The information system for storing and handling state secrets is classified information system, which is protected at different levels according to the classification, and its security and confidentiality management is implemented in accordance with relevant state secrecy laws, regulations and standards. Article 3 The public security organs of provinces, cities and counties (including county-level cities and districts, the same below) are responsible for the security management of information systems.
National security, telecommunications, security, password management and other departments, within the scope of their respective duties, do a good job in information system security management. Article 4 Information system operators and users shall ensure the safety of computers and their related and supporting equipment and facilities (including networks), the operating environment and information security, and maintain the safe operation of information systems. Article 5 No organization or individual may commit acts that endanger the security of information systems, engage in activities that endanger national security, social order and public interests by using information systems, or infringe upon the legitimate rights and interests of citizens, legal persons and other organizations. Sixth provincial public security organs and provincial telecommunications authorities shall establish a work coordination mechanism and improve information security measures. The relevant administrative departments shall cooperate with the public security organs to do a good job in punishing illegal crimes that endanger the security of information systems. Chapter II Security Level Protection Article 7 Information systems shall implement a security level protection system. According to the importance of information systems and the degree of harm to national security, social order, public interests and the legitimate rights and interests of citizens, legal persons and other organizations, information systems are divided into the following five levels:
(a) the information system is damaged, which will harm the legitimate rights and interests of citizens, legal persons and other organizations, but will not harm national security, social order and public interests, which is the first level;
(two) the information system is damaged, which will cause serious damage to the legitimate rights and interests of citizens, legal persons and other organizations, or damage to social order and public interests, but does not endanger national security, which is the second level;
(3) If the information system is destroyed, it will cause serious damage to social order and public interests, or damage to national security, which is the third level;
(four) the information system is destroyed, which will cause particularly serious damage to social order and public interests, or cause serious damage to national security, which is the fourth level;
(five) after the information system is destroyed, it will cause particularly serious damage to national security, which is the fifth level. Article 8 Information system operators and users shall determine the information system security protection level according to the national information system security level protection management norms and technical standards, and follow the principles of independent classification, independent protection and performance of obligations and responsibilities.
Information systems that operate across provinces or across the country in a unified network can be determined by the competent departments of the information system operating and using units.
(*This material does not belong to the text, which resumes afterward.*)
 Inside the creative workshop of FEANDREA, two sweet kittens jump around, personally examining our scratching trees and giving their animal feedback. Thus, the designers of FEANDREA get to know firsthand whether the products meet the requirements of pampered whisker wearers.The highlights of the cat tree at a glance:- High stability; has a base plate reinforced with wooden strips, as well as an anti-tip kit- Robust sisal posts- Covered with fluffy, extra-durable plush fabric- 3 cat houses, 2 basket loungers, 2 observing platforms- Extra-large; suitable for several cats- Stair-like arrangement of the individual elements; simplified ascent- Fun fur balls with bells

Article 9 Operators and users of information systems shall establish a security management system, implement technical measures for security protection, and determine responsible institutions and personnel in accordance with the relevant technical specifications of national information system security level protection. Article 10 Units operating and using information systems shall determine the security protection level of information systems at the planning and design stage, and at the same time build security facilities that meet the requirements of security protection level, and use technical products that meet the relevant provisions of the state and can meet the requirements of security protection level.
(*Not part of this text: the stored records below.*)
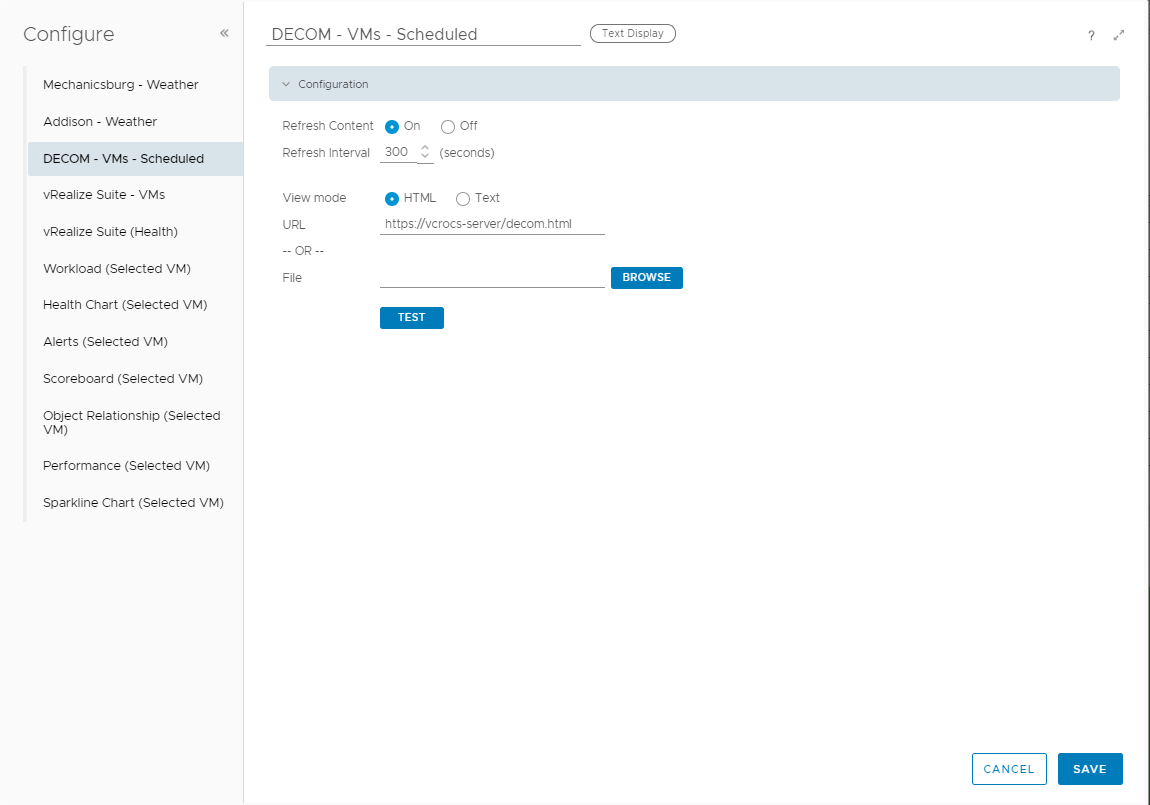 I was recently reviewing some sample custom vRealize Operations Dashboards and I seen where some of the Dashboards had custom text and images. I reviewed how they included the text and images and in some of the sample Dashboards they used the “Text Display” Widget and used a url for the content. They would display images saved on a web server. I thought this was interesting and started reviewing what else could be displayed by using a url with the “Text Display” Widget.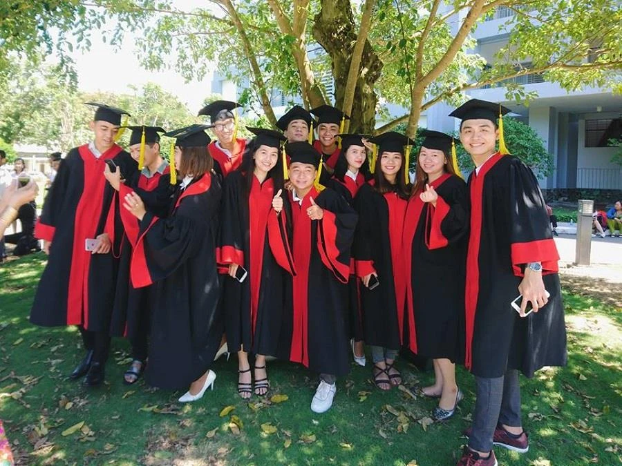 Ngày ra trường là lúc các bạn sinh viên lưu lại kỷ niệm đẹp bên hàng cây xanh.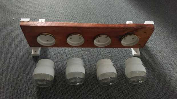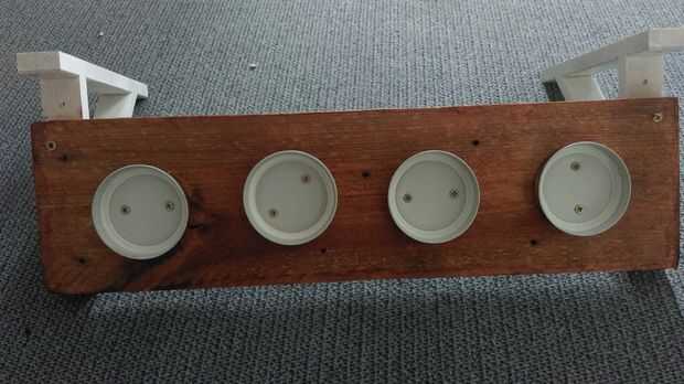 -Utilizando dos tornillos fijar cada tapa en la parte inferior de la plataforma. Se puede medir para asegurarse de están perfectamente alineados o sólo puede ponerlos donde quiera. Sólo asegúrese de que hay suficiente espacio entre ser capaces de abrir los contenedores.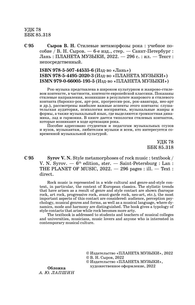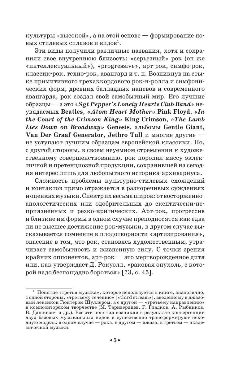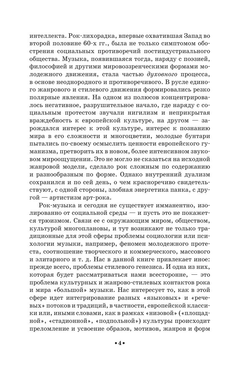 Rock music is represented in a wide cultural and genre-and-style context, in particular, the context of European classics. The stylistic trends that have arisen as a result of genre and style contact are shown (baroque rock, art rock, progressive rock, avant-garde rock, neo-art, etc.), the most important aspects of this contact are considered: audience, perception psychology, musical genres and forms, as well as a musical language, where dynamics, mode and harmony are distinguished. The book gives a typology of style contacts that arise while rock becomes more arty.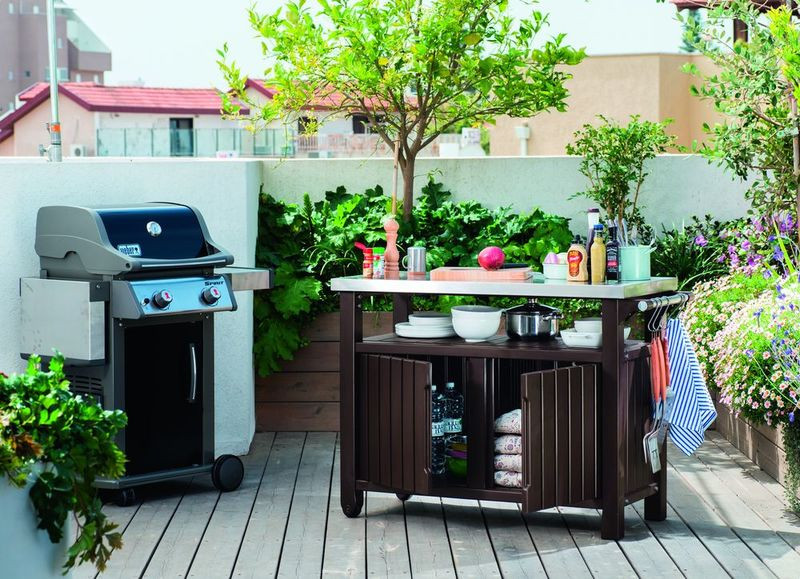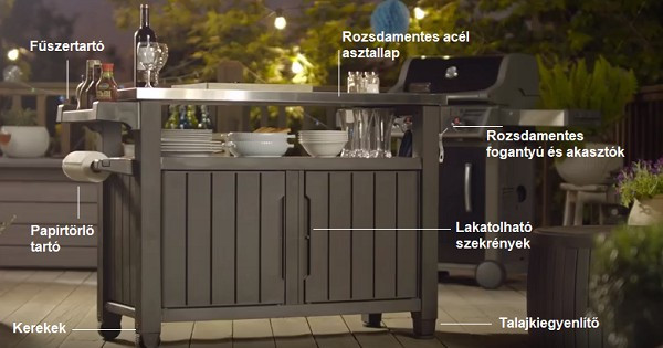 Unity XL műanyag kerti grill asztal barna 183L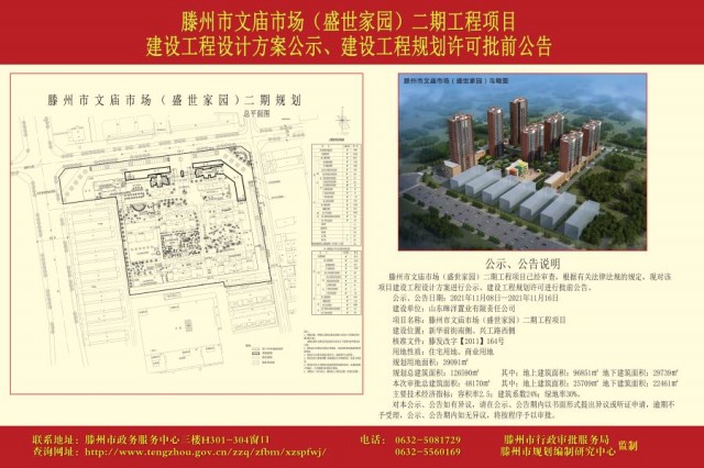 文廟市場(盛世家園)二期工程項目建設工程設計方案公示、建設工程規劃許可批前公告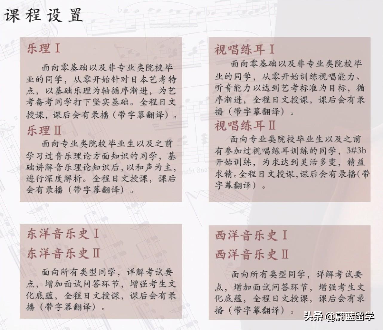 学生上完线下课程还可以拿到课程录像,方便查漏补缺、温故知新。跟蔚蓝留学老师看一下爱德日本语音乐塾的课程设置;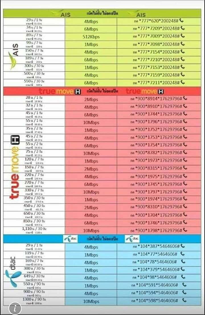 The list of commands for unlimited internet for all Thai mobile operators.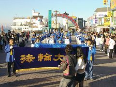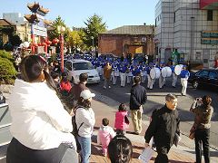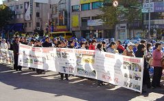 Dimanche 12 novembre 2006, les pratiquants de la Fanfare de la Terre Divine coréenne sont allés à « rue de la Chine » dans la ville d'Incheon sur l'île célèbre de Wolmi. Avec des bénévoles du Bureau pour démissionner du parti communiste chinois, ils ont clarifié la vérité, distribué des exemplaires des « Neuf commentaires sur le parti communiste » et exposé le crime du PCC de prélever les organes sur les pratiquants du Falun Gong.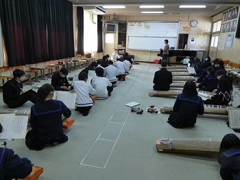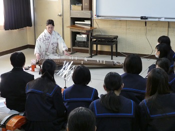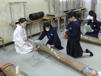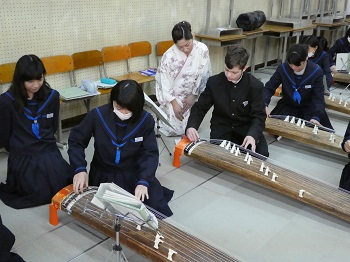 音楽の授業にゲストティーチャーをお招きして、和楽器「筝」の授業を行いました。

Has been put into operation but does not meet the requirements of safety protection level, technical measures should be taken to remedy or rebuild. Eleventh in any of the following circumstances, the information system operation and use unit shall go to the local public security organ for the record:
(a) the information system that has been put into operation at or above the second level shall be filed with the municipal public security organ within thirty days after the level of security protection is determined; The newly-built information system above Grade II shall be filed with the municipal public security organ within thirty days after it is put into operation;
(2) Branch systems and information systems belonging to provincial units operating in a unified network across provinces or across the country shall be filed with the provincial public security organs by the provincial telecommunications authorities and provincial units, except that the superior departments in charge of provincial branches shall file with the relevant departments of the State Council;
(three) due to major changes in the information system structure, processing flow, service content, etc., the level of security protection has changed, and it should be re-filed with the public security organ that originally accepted the filing within 30 days from the date of the change.
The public security organ shall conduct an audit within ten working days from the date of receiving the filing materials. In line with the requirements of security level protection, the "Information System Security Level Protection Record Certificate" will be issued; Do not meet the requirements of security level protection, inform in writing and explain the reasons. Twelfth information system operators and users shall, in accordance with the relevant provisions of the state and technical standards, carry out information system security level protection assessment and self-examination.
The information system operation and use unit shall record the grade evaluation report for future reference, and at the same time file it with the public security organ that accepts the record.
Did not meet the requirements of security level protection, information system operation and use of units should be timely rectification.